Plasmon is not leading its marketing with a raised green flag. Murphy said: "We do think the green issue is increasing in importance, but we don't lead with a green message. We solve the business issues first. We're not jumping on the green bandwagon."

Putting the views together
The downbeat view of Plasmon implies that it is held fast in an optical automation market of limited size where its drive costs and drive volume preclude volume sales and limit its prospects.

The refreshed Plasmon management view is that it is not limited to such a market and is already selling archive products representing a solution and not a raw box, a system with software, service, RAID disk and UDO drive and media components that has a much higher gross margin that the drives alone. It has a fully-blended margin.

On top of that, due to the serendipity of data centre power and space constraints and the onrushing compliance forces impacting business the archive market is booming. Using tape slows down data access and having disk-only products puts up costs, both acquisition and running costs.

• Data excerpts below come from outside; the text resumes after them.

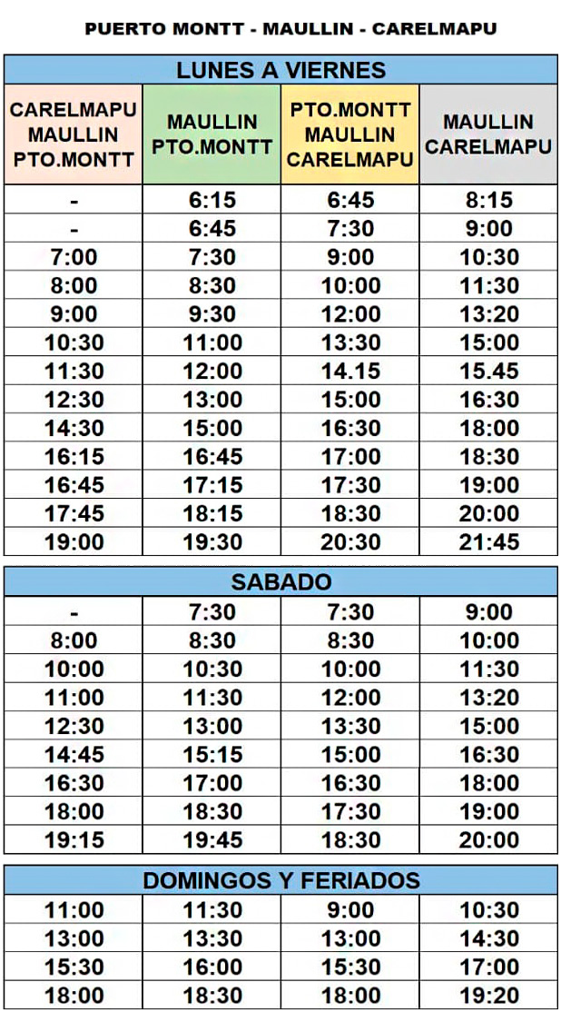 A continuación, encontrarás una tabla detallada con los horarios de salida y llegada de la ruta Puerto Montt - Maullín - Carelmapu. Nos esforzamos por mantener una programación precisa y actualizada para que puedas organizar tu viaje con total tranquilidad.
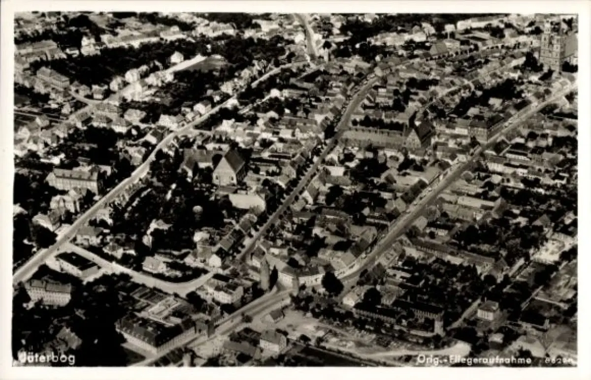 Ak Jüterbog in Brandenburg, Luftaufnahme von Wohngebäude, Straßen, Landschaft
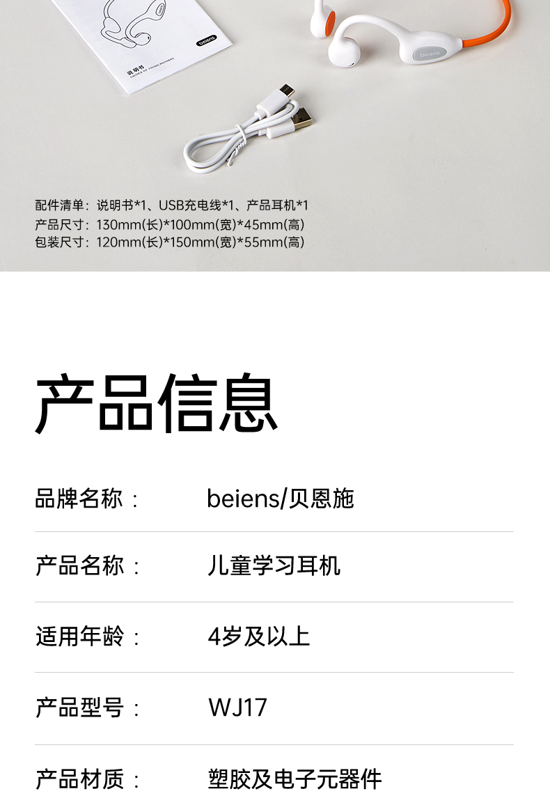 贝恩施 WJ17儿童学习耳机
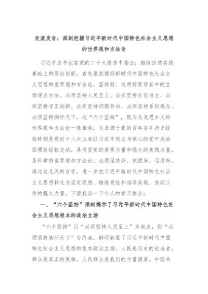 【七哥公文】2024年:交流发言:深刻把握习近平新时代中国特色社会主义思想的世界观和方法论+更多免费公文+VX:QiGeGongWen2024
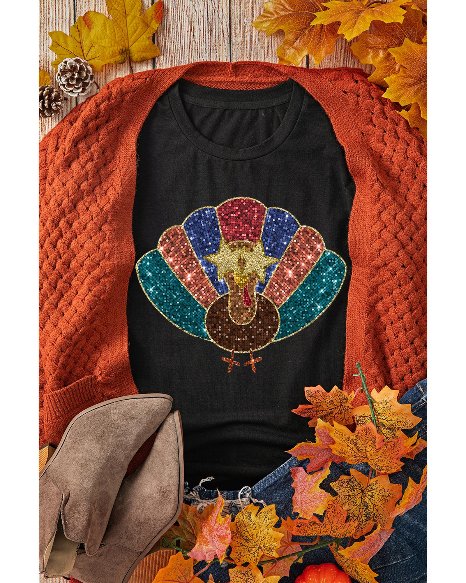 Black Glitter Turkey Heat Transfer Printing Thanksgiving T Shirt – S
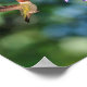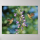 Two beautiful hummingbirds in flight captured with purple flowers poster wall art.
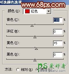 9、执行:图像 > 调整 > 可选颜色,对红色进行调整,参数设置如图14,效果如图15。
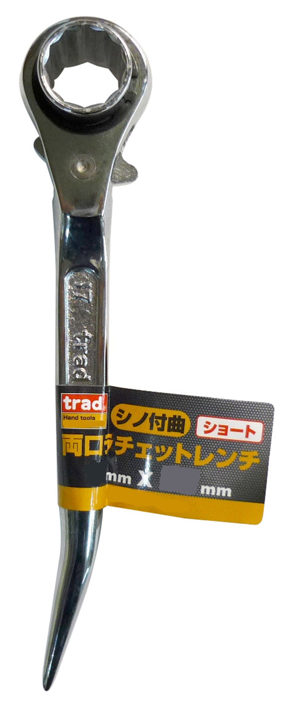 Ratchet wrench with bent shinot that can be used for fastening and hole matching of scaffolding assembly.
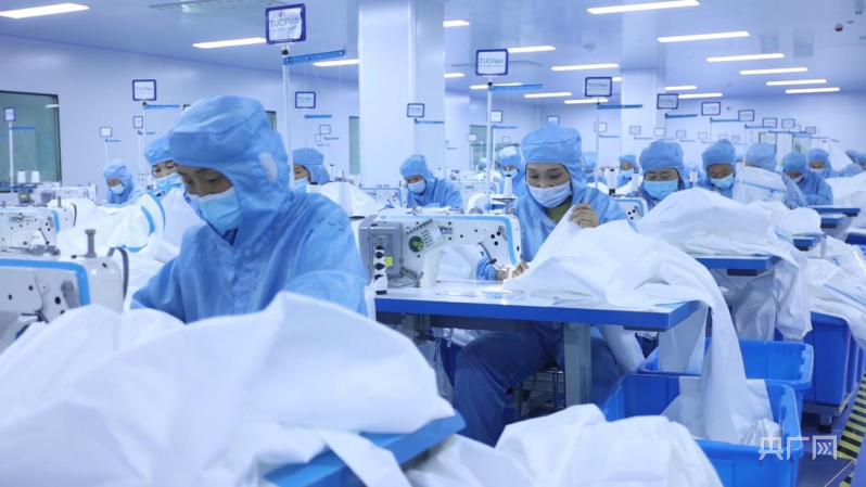医用正压防护服生产场景(央广网记者 夏莎 摄)
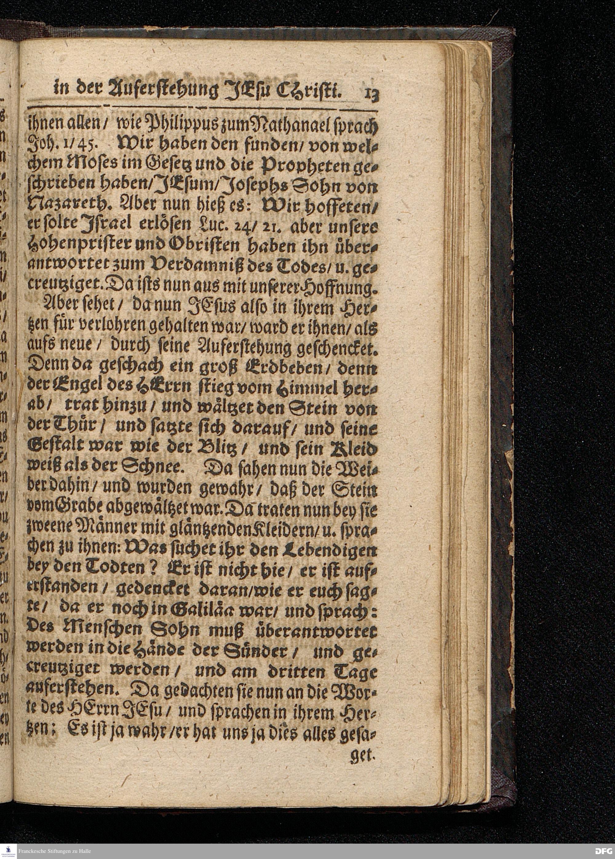 Das Geschenck GOttes In der Auferstehung JESU CHristi / Aus dem Anfang der Historie der Auferstehung JEsu CHristi Nach allen 4.Evangelisten Am Isten Oster=Feyertage In der St.Ulrichs=Kirchen in Halle angewiesen von August Hermann Francken / S.Theol.Prof.& Past.zu S.Ulrich / und des Gymnasii Scholarcha. HALLE / Gedruckt und zu finden im Wäysen=Hause 1716.

A combination RAID cache, UDO jukebox, archive software stack and service approach provides an attractive, even compelling product offer that can be targeted at a market growing from at least 3,000PB now to 13,500PB in 2010. To paraphrase a mobile phone company, the future's bright, the future's optical.

hang
31/1/2008
21:06
More than likely, perhaps, but there is life in the old dog in my opinion and the new US CEO is no mug. I'm not convinced with the backup using HDD alone (even multi-site) and think there is still a need for optical in the mix. The archiving area has lots of constituent parts and PLM are moving to service provision rather than just component - software, hardware etc.

It's going be a long haul.

timtom2
31/1/2008
17:44
They don't have to be the best to be profitable. "If" in this context is make money, not lead technically.